Разговор происходил в маленькой душной гримёрной, что услужливо предоставил Кому-нар-ать, Винченцо и его «дрессированному помощнику» чтобы те, имели возможность, как следует подготовиться к предстоящему представлению на свадьбе у дона Виолетти и доньи Розалиты. Экс студент, с тихим ужасом разглядывая нелепые аляповатые наряды, гордо именуемыми «костюмами артистов», до рези в глазах провонявшиеся нафталином и вдобавок ещё изрядно запревшие от, несоблюдаемых условиях хранения, в которые им предстояло облачиться дабы, по словам предприимчивого хапуджанина изумить избалованную публику беспрецедентным выступлением. Вин хватался от отчаяния за голову. Его бросало в дрожь от самой мысли, что ему придётся выйти на сцену, не говоря уже, чтобы выступить перед публикой, да ещё какой, столичной, взыскательной, привыкшей к самым лучшим представителям актёрского ремесла. Наверное, даже от слепца не укрылась бы полная несостоятельность их ново сотворённого дуэта, пары который бы не было равной среди всех провальных когда-либо существовавших в истории выступлений. В самом деле, сегодняшнее действие на подмостках, сооружённых в поместье знаменитой четы, грозило стать самым большим разочарованием вечера. Ибо ни он, ни Зак не обладали артистичным даром, никто из них никогда ни то что не пробовали себя в роли актёров, более того никому прежде не приходилось даже быть заурядным зрителем на представлениях. Винченцо родился и вырос на ферме, где ярмарки случались раз в год и ежели, случалось там бывать с отцом и матерью, то особо времени не выпадало поглазеть на трубадуров, всегда приходилось, чем-то помогать захлопотанным предкам. Ну а за зайца в обличии волка вообще не стоило говорить, одним словом лесной житель. Что за этим выступлением могло последовать: прилюдная казнь, через сожжения или плаха, а то и рудники, впрочем, и чего похуже, к примеру, выглядеть посмешищем в глазах Марьяны, даже думать об этом не хотелось. (Вин почему-то вбил себе в голову, что о провале непременно узнает его возлюбленная)

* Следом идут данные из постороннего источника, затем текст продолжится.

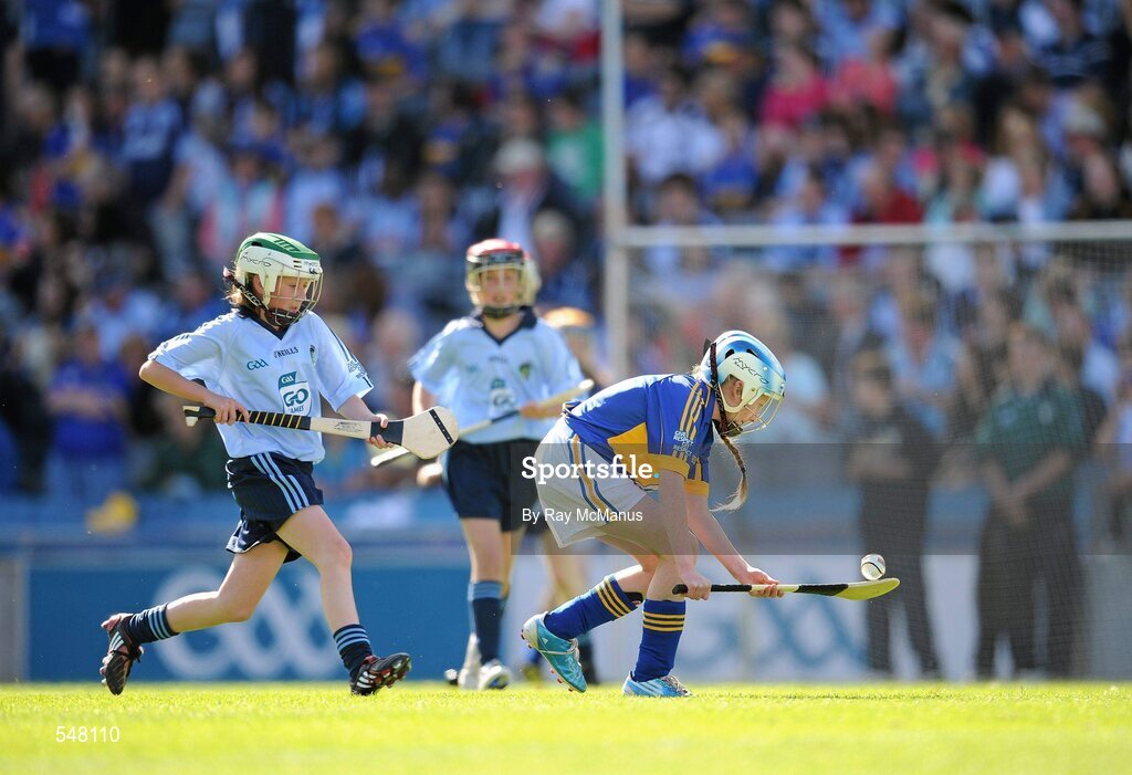 14 August 2011; Ann Marie Smyth, St. Patrick’s P.S., Ballygalget, Co. Down, Tipperary, in action against Tierna Johnston, Holy Child P.S., Belfast, Co. Antrim, Dublin. Go Games Exhibition - Sunday 14th August 2011, Croke Park, Dublin. Picture credit: Ray McManus / SPORTSFILE

– Дружище, чего ты колотишься?– голос заколдованного зайца всегда носивший скептический характер, претерпел разительный метаморфозы, после того как они получили работу у Кому.– Поверь мне, испытанному во многих нестандартных ситуациях, бывалому индивидууму, мы сумеем выступить почище этих педиков в чулках.
Зак имел в виду большую труппу танцоров, что располагалась по соседству, не в пример их ней, в большой просторной гримёрной. Что же до ориентации мужчин, то лесной житель несколько торопился, развешивая ярлыки, так как в труппе нашли своё место и женщины. А, тот факт, что они надевали обтягивающие чулки перед выступлением, ещё не свидетельствовал об их принадлежности к сексуальному меньшинству.
– Ты забываешь, одну важную деталь?– продолжал мерить комнату шагами экс студент по-прежнему не находя себе места.
– Какую же? Просвети меня тёмного.– В полную противоположность своего напарника, спокойно осведомился Зак, беззаботно развалившись на продавленном кресле.